Consider, too, that revenues from most taxes are volatile, fluctuating with the national business cycle. The federal government, for its part, can easily buffer deficit spending by borrowing. But states are often constrained by statute or constitution from borrowing to cover deficits — and even if they aren’t, the need to maintain their credit ratings limits borrowing. Many states are also required to maintain rainy-day funds to buffer tax shortfalls in hard times.
Enrollment is automatic and universal, which eliminates the need for eligibility determination and maintenance, two costly features of the current system. Additional savings are realized because there are no private insurance companies seeking supernormal profits, and there are little to no marketing costs.
Then, there’s the issue of monopsony power. One of the great appeals of a single-payer system is the bargaining power it gives the representative of consumers with respect to providers. But federalism limits that bargaining power to the degree that providers (health care professionals, drug companies) can move out of state or country or, in the case of medical equipment and pharmaceutical suppliers, afford to abandon the market. Big rich states like California are relatively safe, albeit not fully immune, in this regard. But smaller, poorer states plainly are not.
Complications layer on complications. Heavily subsidized (or free) health care coverage may attract individuals from other states, or even other countries, who generate relatively little tax revenue yet make big demands on the health care system. This is not a problem unique to health care. States that provide generous services of any sort below cost to residents must consider this potential. And many do attempt to limit benefits, like subsidized tuition at public universities, that are provided to new residents. But this free movement of people is especially problematic in the case of health care, both because it would be viewed by many as immoral to deny care to anyone and because it might break federal law — or even violate the U.S. Constitution.

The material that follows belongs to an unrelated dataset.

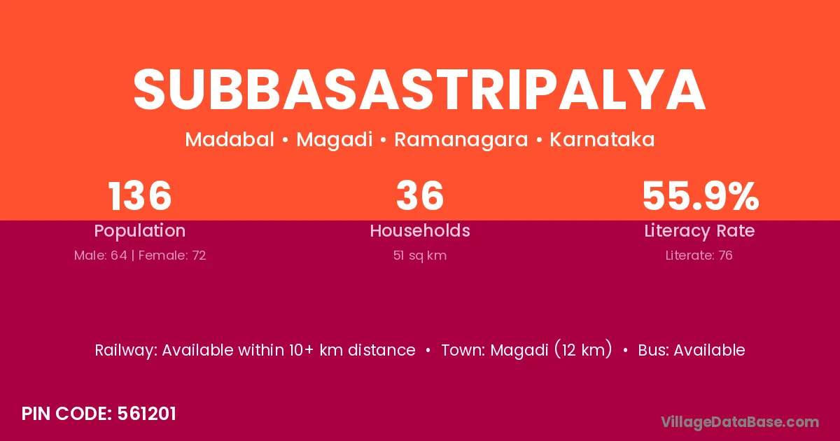 Magadi (12 km) is the nearest town to Subbasastripalya village for major economic activities and is located approximately 12 km away.

It should go without saying that a major initiative like health care reform within a state couldn’t — and shouldn’t — be undertaken without popular support. But even minority opposition could slow or stop the initiative because it would need to be reconciled with state constitutions that require super-majorities in the legislature to levy new taxes, or restrict borrowing, or oblige the legislature to give priority to other sorts of spending.
California, for example, has both the super-majority requirement and a spending priority for education on the books. One way or another, it’s likely conversion to a single-payer health care would require a popular vote, giving well-funded opponents an opportunity to defeat the effort.
States Going It Alone —
A Progress Report
The most recent initiative in the golden state, termed Healthy California, envisions a benefit-rich, single-payer system. Private insurance coverage and carriers would be excluded. There would be no premiums, co-payments or deductibles, and all residents would be covered. This implies full incorporation of current government programs including Medicare, Medicaid and the CHIP.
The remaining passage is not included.